Das zwischen Dahlan und der Hamas erzielte "Einvernehmen" kann möglicherweise dazu beitragen, das Elend der Palästinenser im Gazastreifen zu lindern und den Weg für eine bessere Wirtschaft zu bereiten. Der größte Gewinner wird jedoch die Hamas sein, die keine größeren Zugeständnisse machen muss als Dahlan und seinen Anhängern die Rückkehr in den Gazastreifen zu erlauben.
Dahlan wird unter den wachsamen Augen der Hamas stehen, die nach wie vor der wahre und unangefochtene faktische Herrscher des Gazastreifens bleiben wird. Die Hamas ist bereit, Dahlan durch die Hintertür des Gazastreifens die Rückkehr auf das Parkett der palästinensischen Politik zu erlauben. Man wird ihn jedoch an sehr kurzer Leine halten.
Dahlans Präsenz im Gazastreifen wird die Hamas nicht davon abhalten, ihre Vorbereitungen für einen erneuten Krieg mit Israel fortzusetzen.
Die Hamas wird nicht damit aufhören, Tunnel entlang der Grenze zu Israel zu graben, nur aus Angst vor Dahlan. Er wird voraussichtlich umfangreiche zivile Befugnisse erhalten, Sicherheitsanliegen werden jedoch in den Händen der Hamas und deren militärischem Flügel, der Kassam-Brigaden, bleiben.

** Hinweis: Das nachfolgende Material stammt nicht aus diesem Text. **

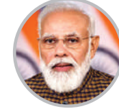
नरेंद्र मोदी, प्रधानमंत्री @narendramodi

आओ रानी, हम दोंयेंगे पालकी, यही हुई है राय जवाहरलाल की रफू करंगे फटे-पुराने जाल की आओ रानी, हम दोंयेंगे पालकी! बाबा नागार्जुन एक प्रतिबद्ध कवि थे। और उनकी यह प्रतिबद्धता जनता के प्रति थी। कविता में वे अपनी प्रतिबद्धता को कुछ इस तरह से व्यक्त करते थे। 1975 में तत्कालीन प्रधानमंत्री इंदिरा गांधी ने देश में आपातकाल लगाया। समाजवादी लीडर जयप्रकाश नारायण के नेतृत्व में एक जबर्दस्त आंदोलन हुआ। जिसमें देशभर के लोग सत्ता की बर्बरता के खिलाफ लामबंद हुए, इन हालात पर नागार्जुन ने सत्ता के शीर्ष पद पर बैठी नेता की भी अपनी कविताओं से खूब आलोचना की। बाबा नागार्जुन की कविताओं में जिंदगी के कई रंग और उतार-चढ़ाव देखने को मिलते हैं। अकाल के दिनों में लिखी उनकी कविता में आम आदमी की बदहाल जिंदगी और उसके जीवन का जो संघर्ष दिखाई देता है, ऐसा हिंदी कविता में विरल है। (ये लेखक के निजी विचार हैं)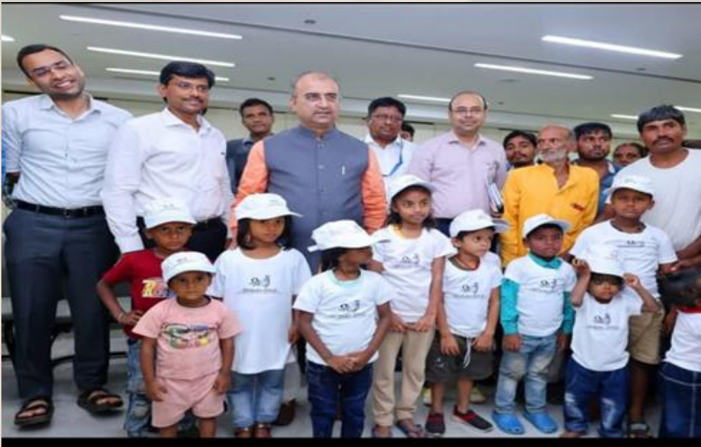
Group pic with officials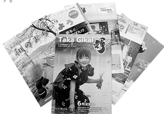
伝わりやすさにこだわります

多可町議会だよりでは、語尾の「です・ます」にこだわっています。紙面の関係で文字数を抑えるため言い切り調の議会だよりが多い中、このこだわりが、丁寧さと優しさを伝え、他との差別化になっているようです。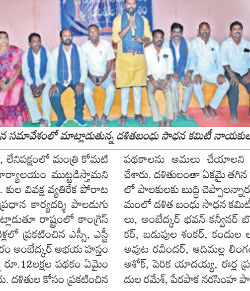
జరిగిన సమావేశంలో మాట్లాడుతున్న దళితబంధు సాధన కమిటీ నాయకులు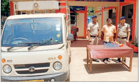
बड़ी कार्रवाई का इंतजार

प्राप्त जानकारी अनुसार पुलिस को बुधवार को मुखबिर से सूचना मिली कि एक छोटा हाथी वाहन क्रमांक सीजी 08 ए यू 4010 में अवैध रूप से शराब का परिवहन करते हुए पैलोमेटा से नर्मदा की ओर आ रहा है। सूचना पर थाना स्टाफ द्वारा शासकीय वाहन के साथ ग्राम मानपुर नाका के पास नाकाबंदी कर उक्त वाहन को रोका गया एवं तलाशी लिया गया। तलाशी के दौरान वाहन में लाल रंग के थैले में कुल 28 पौवा देशी प्लेन शराब, कुल मात्रा 5.04 बल्क लीटर मिला।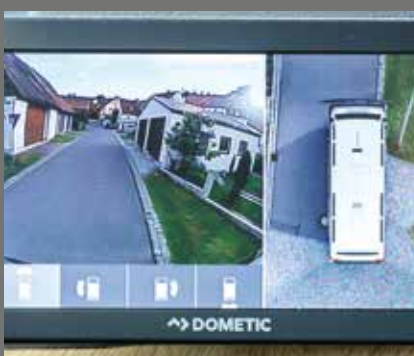
Alles im Blick: Bird-View-Cam mit 360°-Sicht und großem Display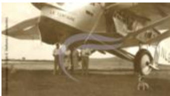
Farman 220 "Centaure" (PHnum.DUT.105)

Dahlan wird sich in der Rolle des Spendensammlers für die Palästinenser im Gazastreifen wiederfinden, während die Hamas sich hinter seinen breiten politischen Schultern verstecken wird.

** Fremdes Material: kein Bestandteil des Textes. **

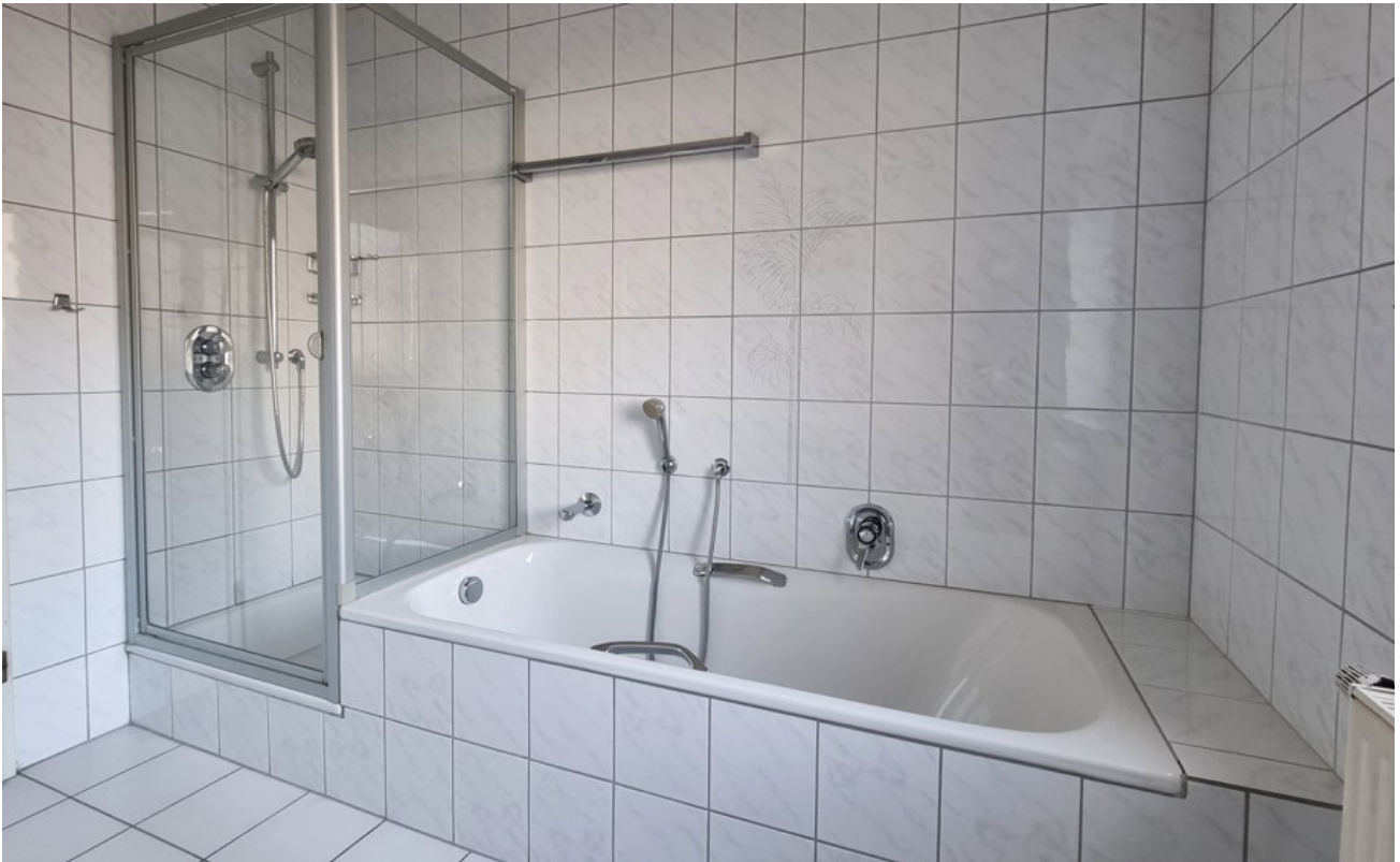
Bad (Archivbild baugleiche Woh

Diese neue Realität könnte kurzfristig für Ruhe sorgen. Auf lange Sicht ist die Wahrscheinlichkeit jedoch groß, dass die Hamas aus der Situation gestärkt hervorgeht und besser auf den nächsten Krieg mit Israel vorbereitet sein wird.
Für Dahlan und die Hamas ist es eine klassische Win-Win-Situation. Wen wundert es da, dass Abbas und seine Freunde im Westjordanland sowohl wütend als auch besorgt sind?

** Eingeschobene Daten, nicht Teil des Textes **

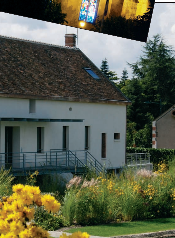
Les bords de Loire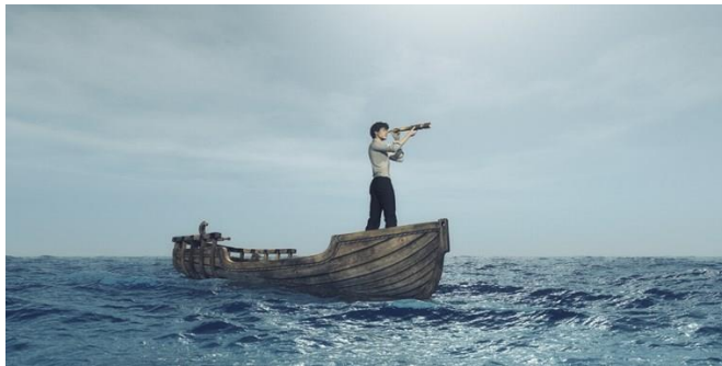
Nabij + Begrenzend

Die unheilige Allianz zwischen Dahlan und der Hamas ist in ihren Augen nichts anderes als der Versuch, einen separaten palästinensischen Staat im Gazastreifen zu gründen.
Das internationale Publikum sollte zur Kenntnis nehmen: es ist jetzt offiziell – die Trennung von Westjordanland und Gazastreifen stellt auch das Ende der sogenannten Zwei-Staaten-Lösung dar. Auf den palästinensischen Straßen sieht es so aus, als stünden die Palästinenser näher denn je vor der Entstehung zweier eigenständiger, separater Entitäten – einer, die von Abbas' Palästinensischer Autonomiebehörde geleitet wird und einer weiteren unter der Kontrolle von Hamas und Dahlan.
Khaled Abu Toameh ist ein preisgekrönter arabisch-israelischer Journalist und TV-Produzent.